We like our Heroes larger than life

Published by Charlie Wear under Church, Culture, My Life

Don’t tell anyone but I really like the TV series, Heroes. Of all the heroes, however, I think my favorite is Hiro Nakamora (don’t know if I spelled that right). He’s the Japanese guy who can bend time and space and is a mean samarai sword fighter. I think he is currently without his powers in the series’ timeline, but he still follows his “Hero” philosophy.

I have had a few heroes during my life. Of course, the problem with having people for heroes is that they are people. One of my heroes was John Wimber. Of course, it was helpful that I did not personally know John. I only knew him through his writing, recordings, videos and live preaching. Unfortunately I have been acquainted with a number of people who knew John in his “life-size” version. My interactions with them sort of caused John to become a little less of a hero in my eyes. He’s still up there, but I know a little too much about him, I think.
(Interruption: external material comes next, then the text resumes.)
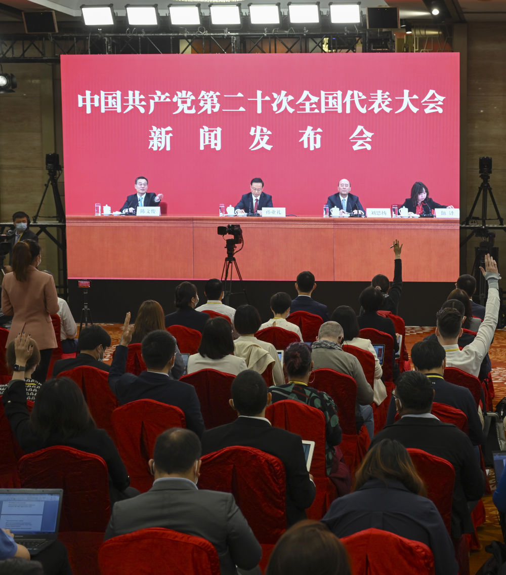 10月15日,中国共产党第二十次全国代表大会新闻发言人孙业礼在北京人民大会堂举行新闻发布会。这是记者在分会场举手提问。新华社记者 陈晔华 摄

One of my heroes is a guy named Steve Sjogren. Even though I have gotten to know him a little more up close and personal in the last few years, and he is more life-size than he was before, believe me, I have a great deal of admiration for him. Against great odds he started a church really small and grew it really big by making kindness a necessary part of his DNA and the DNA of his church. After suffering a seriously disabling medical accident he has come back to continue to make contributions in spreading the kindness of God around the world.

I have other heroes, some who are nearby and some who are further away, some who are younger and some who are older, some who are acquaintances and friends, some who are my family and some who are strangers. I remember one of the most heroic things my father ever did. He cared for his mother as she lay bedridden by a debilitating illness over her last months. I really admire him for that. 

I guess that being a little more seasoned can cause a person to understand that all humanity is flawed. It is when we struggle against our flaws and persevere in attempting to go above our “normal” humanity that our true “heroism” emerges. One of my mentors used to say “I want to grow up before I grow old.” I think part of the meaning of that statement is learning to accept ourselves, flaws and all, as much as we are willing to accept others.

Still, we really like it when our heroes are larger than life, don’t we?